**Source information**
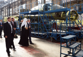 В сопровождении С.А. Смирнова Святейший Патриарх Кирилл посетил цех и ознакомился с процессом сборки на последнем этапе фронтового бомбардировщика Су-34.
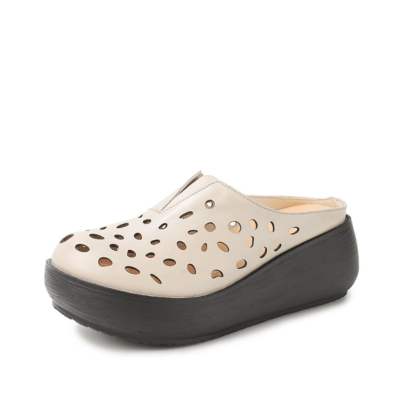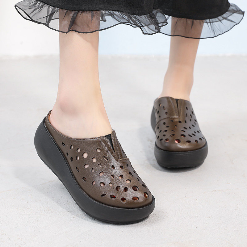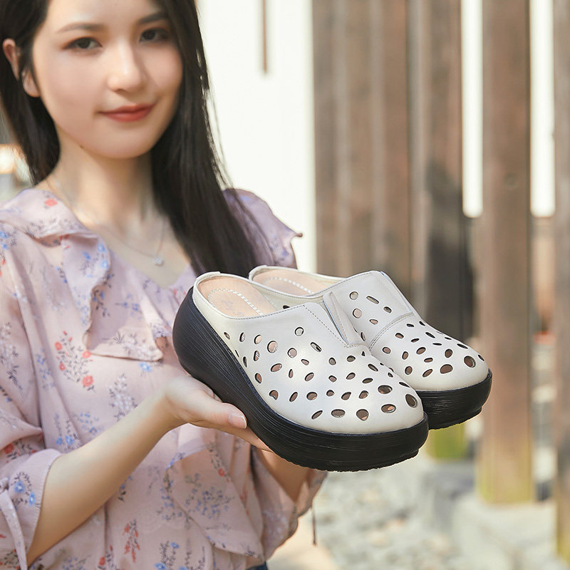 真皮镂空高跟凉拖鞋2025夏季新品透气包头女鞋夏厚底坡跟牛皮拖鞋
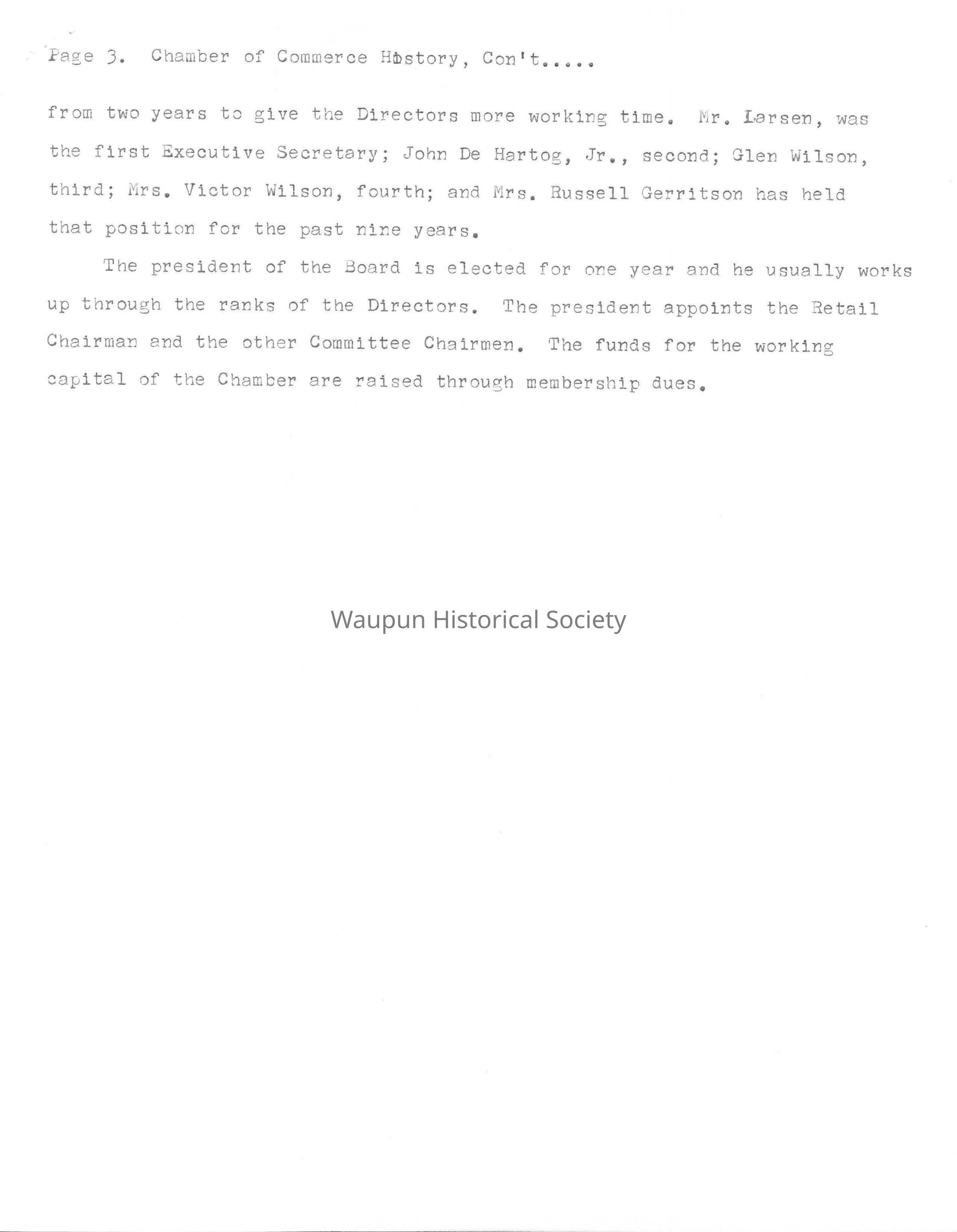Waupun already had a Booster Club, so with the new organization, it became necessary to decide whether the Booster Club should disband and let the new organization take over - or should the City promote two of them. The newly elected Directors felt that Waupun should have one good sized organization and it would accomplish more than two small clubs; therefore, they would all join the new Corporation. After much discussion the Waupun Chamber of Commerce was chosen as the official name. Mr. H. M. Larsen, former Booster Club secretary became the first Executive Secretary of the Chamber. William Vande Zande was elected the first president and he named Louis Olson as chairman of the first membership drive.
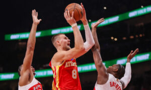 Latvijas basketbola lielākā zvaigzne Kristaps Porziņģis. Foto. AP. Scanpix Atlantas "Hawks" komanda svētdien bez Kristapa Porziņģa izcīnīja uzvaru Nacionālās basketbola asociācijas (NBA) mačā. "Hawks" viesos ar rezultātu 142:134 (25:29, 32:29,...
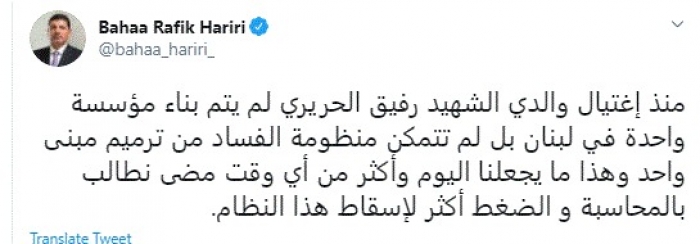 هاجم بهاء الدين الحريري نجل رئيس حكومة لبنان الراحل رفيق الحريري، اليوم، السلطة اللبنانية، مُطالبًا في الوقت ذاته بإسقاط النظام اللبناني.
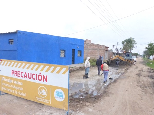 La obra de ampliación de la red cloacal en el barrio San Ramón es ejecutada por la Municipalidad de Goya y beneficia a numerosos vecinos de esa barriada de la zona Este de la ciudad. En tanto que los vecinos aportaron los materiales para realizar el emprendimiento.
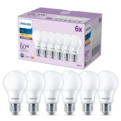 | Nome del fabbricante | Box 6 stuks - Philips LED Lamp Mat - 60 W - E27 - Warmwit licht | |
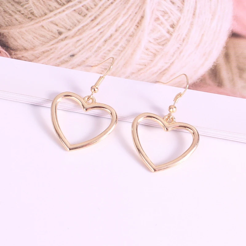 Полые геометрические серьги в форме сердца, простые милые серьги в форме сердца для женщин, модные уши, пирсинг для манжет, висячие серьги, подарок
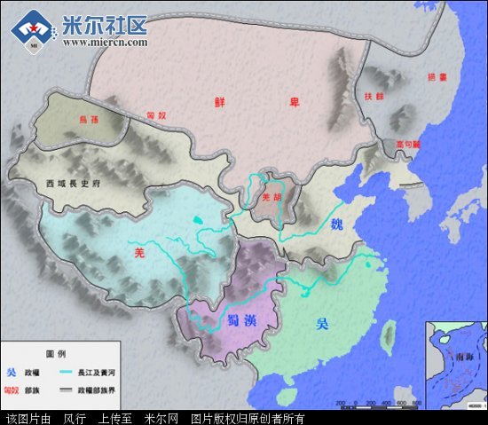 (吴:260万平方公里,浙江,江西,福建,广东,海南,广西和越南北方。)
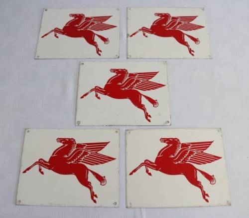 This amazing vintage red and white silkscreen Mobil Petroleum and Gas "Pegasus" flying horse wall sign is in amazing condition for its age and measures roughly 23cm long x 18cm high. The sign is a white powder-coat background with a red silk screened mid-century Mobile emblem. These wonderful old signs are scarce and had to find. We have four of these vintage signs available; all with fair vintage wear and tear. The price is per sign. Please view the pics carefully to fully appreciate this amazing vintage Mobil "Peggy the Pegasus" brand sign and to confirm their condition.
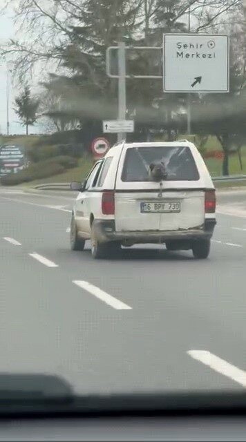 İlginç anlar, Bursa-Ankara karayolu üzeri İnegöl girişinde kayda alındı. Sürücüsünün ismi öğrenilemeyen kamyonetin arka camının kırık olduğu görüldü. Camdan başını dışarı çıkaran köpek, trafikteki diğer sürücülerin dikkatini çekti. Köpeğin rahat tavırları ve etrafı meraklı gözlerle izlemesi görenleri gülümsetti.
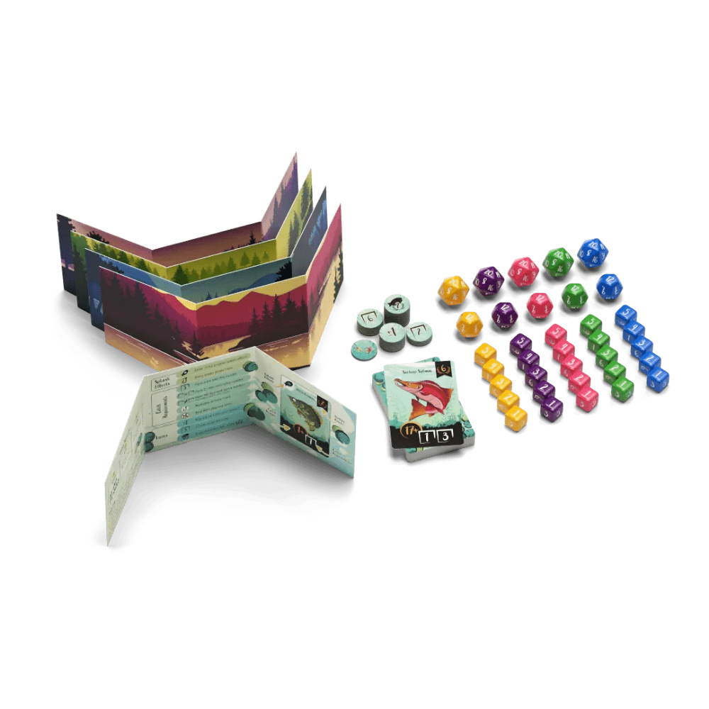 Players bid dice and roll them to try and catch fish. Bid less to go first! Players compete to collect... Read more
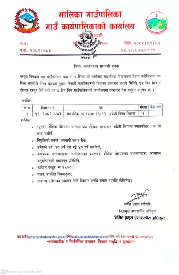 मालिका गाउँपालिकाले सूचना थप प्रभावकारी बनाउने उद्देश्यले अडियो नोटिस सेवा सुचारु गरिएको छ। सूचना प्राप्त गर्न १६१८०७९६२००७५ मा डायल गर्नुहोला ।
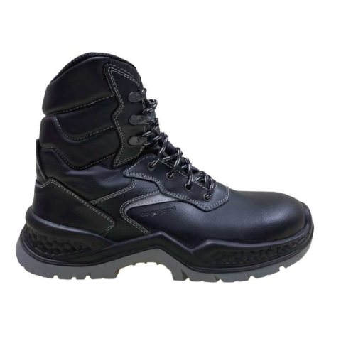 Véd a 1000 V-os, 50 Hz-es váltakozó áramú feszültségtől, száraz körülmények között Vízálló (WR) és kiváló vízgőzáteresztő tulajdonságú, fekete, marha színbőr felsőrész Rugalmas, energiaelnyelő (E), olajálló (FO), kétrétegű PU talp Kompozit orrmer
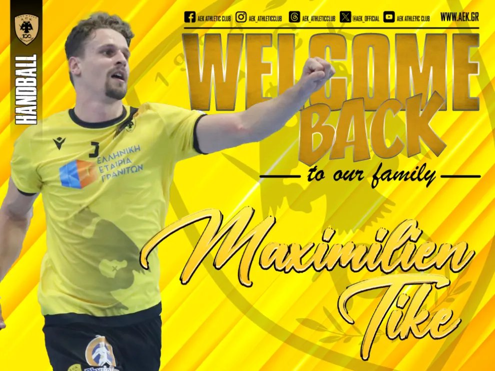 «Η ΑΕΚ βρίσκεται στην ευχάριστη θέση να ανακοινώσει την έναρξη της συνεργασίας της με τον Μαξιμίλιεν Τικ. Ο 30χρονος (03/09/1993) Γάλλος αριστερός εξτρέμ επιστρέφει στην ανδρική ομάδα Χάντμπολ, μετά από απουσία έξι μηνών.

**Exercise requirements**
From the line that contains "Véd a 1000 V-os, 50" to the end of the listing, give every line again exactly as written. Leave the pictures out.

**Result for this exercise**
 Véd a 1000 V-os, 50 Hz-es váltakozó áramú feszültségtől, száraz körülmények között Vízálló (WR) és kiváló vízgőzáteresztő tulajdonságú, fekete, marha színbőr felsőrész Rugalmas, energiaelnyelő (E), olajálló (FO), kétrétegű PU talp Kompozit orrmer
 «Η ΑΕΚ βρίσκεται στην ευχάριστη θέση να ανακοινώσει την έναρξη της συνεργασίας της με τον Μαξιμίλιεν Τικ. Ο 30χρονος (03/09/1993) Γάλλος αριστερός εξτρέμ επιστρέφει στην ανδρική ομάδα Χάντμπολ, μετά από απουσία έξι μηνών.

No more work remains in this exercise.